The Appellant was committed for trial in the remaining seven counts in the High Court in April 2003. His case was not called in the High Court until 2 November 2004, and the information was not filed until 6 December 2004. This was over two years after his case was disposed of in the Magistrates Court. By the time the appellant came to the High Court he had been released from prison. The court of appeal described the delay in filing the information as ‘disgraceful’. That is indeed too long a time to have a charge hanging over a person’s head. It is not unusual to have such lengthy delays between the defendant being committed to the High Court, call over, and filing of Information in Fiji and other jurisdictions. The problem of delay amongst other reasons led Parliament to amend section 220[10] on 1 November 2003. The amendment abolished committal proceedings and replaced them with transfer proceedings, which is a less complicated, and a faster method of transferring cases from the Magistrates’ Court to the High Court. The appellant was committed in April before the amendment to section 220, since the amendment was not retrospective the appellant’s case had to await it’s turn on the long list of cases awaiting trial in the High Court. The new section 220 fast tracks transfer of cases from the Magistrates’ Court to the High Court and ultimately a shorter waiting period for those awaiting high court trials.

Loss of File


In this case by the time this case reached the Court of Appeal, a case file and other documents had been misplaced. As a result of this misplacement, the precise sequence of events, which are of particular importance in this case, could not be stated definitely by the Court of Appeal. Fortunately those important facts were not needed by the appeal court to determine any of the issues in this case. For this reason it is good and reasonable practice for parties to have back up of all documents used in trials since court files sometimes go missing before the final determination of the matter.[11]

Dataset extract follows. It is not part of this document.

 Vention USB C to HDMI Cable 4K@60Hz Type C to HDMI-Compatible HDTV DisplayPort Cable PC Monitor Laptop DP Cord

Suppression of Names Order


In this case a suppression of names order under the Juveniles Act[12] was used to protect the identity of the young complainants. It is important for the Prosecution to continue utilizing this provision to protect the identity of juveniles who now appear more than ever before in the criminal courts in Fiji particularly in sexual assault cases. The Director of Public Prosecutions’ policy[13] requires all prosecutors to seek the order in all cases affecting children. This puts Fiji on the same plain with some neighbouring jurisdictions.

Other Comments

This decision is a timely remainder to lawyers, magistrates and judges on the procedure to adapt where an accused appears on a multi-count indictment and elects to have some charges disposed in the Magistrates’ Court and others in the High Court. The situation is not common but it happens now and again.

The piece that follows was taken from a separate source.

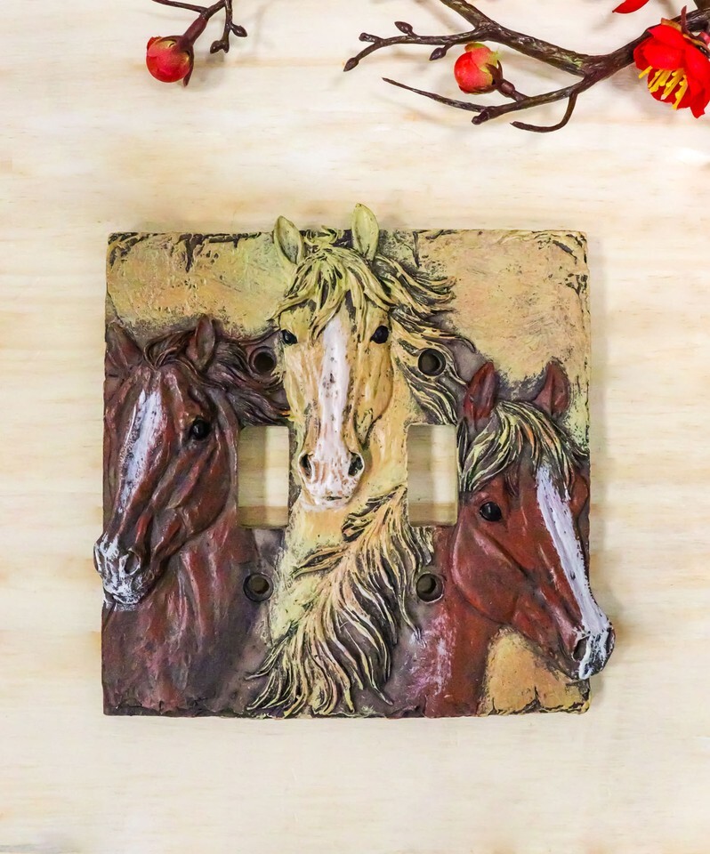 ? It is now very easy to transform your space at your home or office into a rustic Western exotic getaway with these friendship horses electrical cover plates. Three best friends stand by each other to form the main frame of the wall plates. A palomino horse, a dark mahogany steed and a chestnut stallion are the main centerpiece focus of this artwork.

[*] Unreported Criminal Appeal No. AA U 0019/2005, Court of Appeal, Fiji Islands.

[**] Senior Lecturer in Professional Legal Practice Programme, School of Law, University of the South Pacific, Laucala Campus, Suva.
[1] [Cap 21] (Fiji).
[2] [Cap 17] (Fiji).
[3] Section 120 Criminal Procedure Code [Cap 21] (Fiji).
[4] Section 120 (3) above n 1.
[5] S 3 Electable Offences Decree 1990 (Fiji).
[6] Ibid. Schedule 1.
[7] Diane Birch et al, Criminal Practice (1993), D9.20

[8] (Waisake Navunigasau v The State (Unreported, Court of App Fiji, Crim App No AAU 19/96, 23 September 1997, Eri Mateni v The State (Unreported Court of App Fiji, Crim App. No AAU0021/98S, 14 April 1998, Sikeli Koroi v The State (Unreported High Court Fiji, Crim App No HAA0048, 5 June 2002, The State v Ledua [2004] FJHC123; 28 June 2004 and The State v Viliame Tamani (Unreported, High Court Fiji, Crim Case No 007/2003, 19 September 2003).

[9] Unreported, Court of Appeal Fiji, Crim. App No HAA 21/93, 19 November 1994.
[10] Above n 1.

[11] See DPP v Rakesh Chand, (Unreported Suva Magistrates Court, Crim Case No 208/1998, 19 September 1998.

[12] Cap 56 (Fiji) Section 12.
[13] Prosecution Policy of Fiji (2003) 9.